The Yugabyte SQL API (YSQL) passed Jepsen testing, performed by Kyle Kingsbury, on YugabyteDB v22.214.171.124, with the exception of transactional DDL support, which virtually no other distributed SQL database supports. The impact of this issue is minor as it is limited to cases where DML happens before DDL has fully finished. GitHub issue #2021 has already been fixed to take care of this issue.
YugabyteDB supports serializable and snapshot isolation for transactions. The previous v1.2 release shipped with the Jepsen verification of YCQL, the Cassandra-inspired, semi-relational Yugabyte YCQL API. Because the YugabyteDB underlying distributed document store (DocDB), is common across both the YCQL and YSQL APIs, there was no surprise that YSQL relatively easily passed almost all of the official Jepsen safety tests (except for transactional DDL support).

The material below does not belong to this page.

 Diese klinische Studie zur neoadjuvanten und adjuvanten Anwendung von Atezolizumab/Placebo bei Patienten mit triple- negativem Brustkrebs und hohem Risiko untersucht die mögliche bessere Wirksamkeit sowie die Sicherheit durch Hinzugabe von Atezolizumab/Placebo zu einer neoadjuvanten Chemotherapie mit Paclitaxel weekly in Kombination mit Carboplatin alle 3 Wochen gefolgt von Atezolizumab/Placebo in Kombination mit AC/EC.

The primary focus of this Jepsen testing was to test the new serializable isolation level for distributed transactions, where isolation stands for the “I” in ACID. As a fully-relational SQL API, YSQL supports both serializable and snapshot isolation while the semi-relational YCQL API supports only the snapshot isolation level.
By passing this Jepsen testing, YugabyteDB has the distinction of being the first database to pass Jepsen testing for two separate APIs. For details, see the official Jepsen tests report by Kyle Kingsbury. Below is a summary and discussion of the highlights from the report.

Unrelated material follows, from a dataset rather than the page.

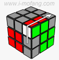 | 【记忆】 | 第1步R把角块和棱块分离,第2步的U为藏角做准备,之后的R'把角块藏起来(目的让棱块移动到想去的位置),第4步U2棱块移到右边(即想去的位置),此时,角块和棱块形成了形态E2。 |

Accelerated failure testing
Jepsen tests accelerate the failures that would be observed in production systems by constantly and frequently introducing faults. The Jepsen testing methodology notes that bugs reproduced in Jepsen are observable in production and are not theoretical. Jepsen tests construct random operations, apply them to the system, and construct a concurrent history of the results. That history is then checked against a model to establish its correctness.
The report outlines a variety of faults that are introduced while performing operations on a YugabyteDB cluster, including:
- Crashes of the various processes (
- Network partitions (single-node, majority-minority and non-transitive)
- Process pauses
- Instantaneous and stroboscopic changes to clocks, up to hundreds of seconds
- Combinations of the above events
Jepsen tests have proven to be highly effective in detecting issues. Because correctness is paramount to YugabyteDB as an OLTP database, Yugabyte performs Jepsen tests as part of the nightly CI/CD pipeline on the YugabyteDB release builds.
Safety issues identified
The array of tests performed by Kyle Kingsbury uncovered two safety issues:
- G2-item (anti-dependency) cycles in transactions
- Improperly initialized DEFAULT now() columns
Below is a brief summary about both of these issues.
Item cycles in transactions
The append test detected a serializability violation under a rare situation that was only discovered after almost 100 hours of testing by inducing
yb-master process crashes. The
yb-master process is responsible for storing system metadata (for example, shard-to-node mappings) and coordinating system-wide operations (for example, automatic load balancing, table creation, and schema changes). It does not handle queries issued by application clients. Even though the scenario under which the failure occurs is rather obscure, Yugabyte appreciates the thoroughness of testing performed by Kyle Kingsbury.
Here is a summary of the relevant sequence of events under which the bug is detected:
- Say that a new master gets elected as Raft leader (the "master leader").
- Immediately after the master is elected as the new Raft leader, the master leader has an empty capabilities set for the tablet servers in the cluster. The capabilities set describes the set of features supported by the tablet servers, and is used instead of version numbers, in order to preserve backward compatibility for rolling upgrades.
- Tablet servers begin sending heartbeats to the master leader. This happens quickly (less than 500 milliseconds with default settings).
- As soon as the master leader receives heartbeats from the tablet servers, the capabilities set gets updated.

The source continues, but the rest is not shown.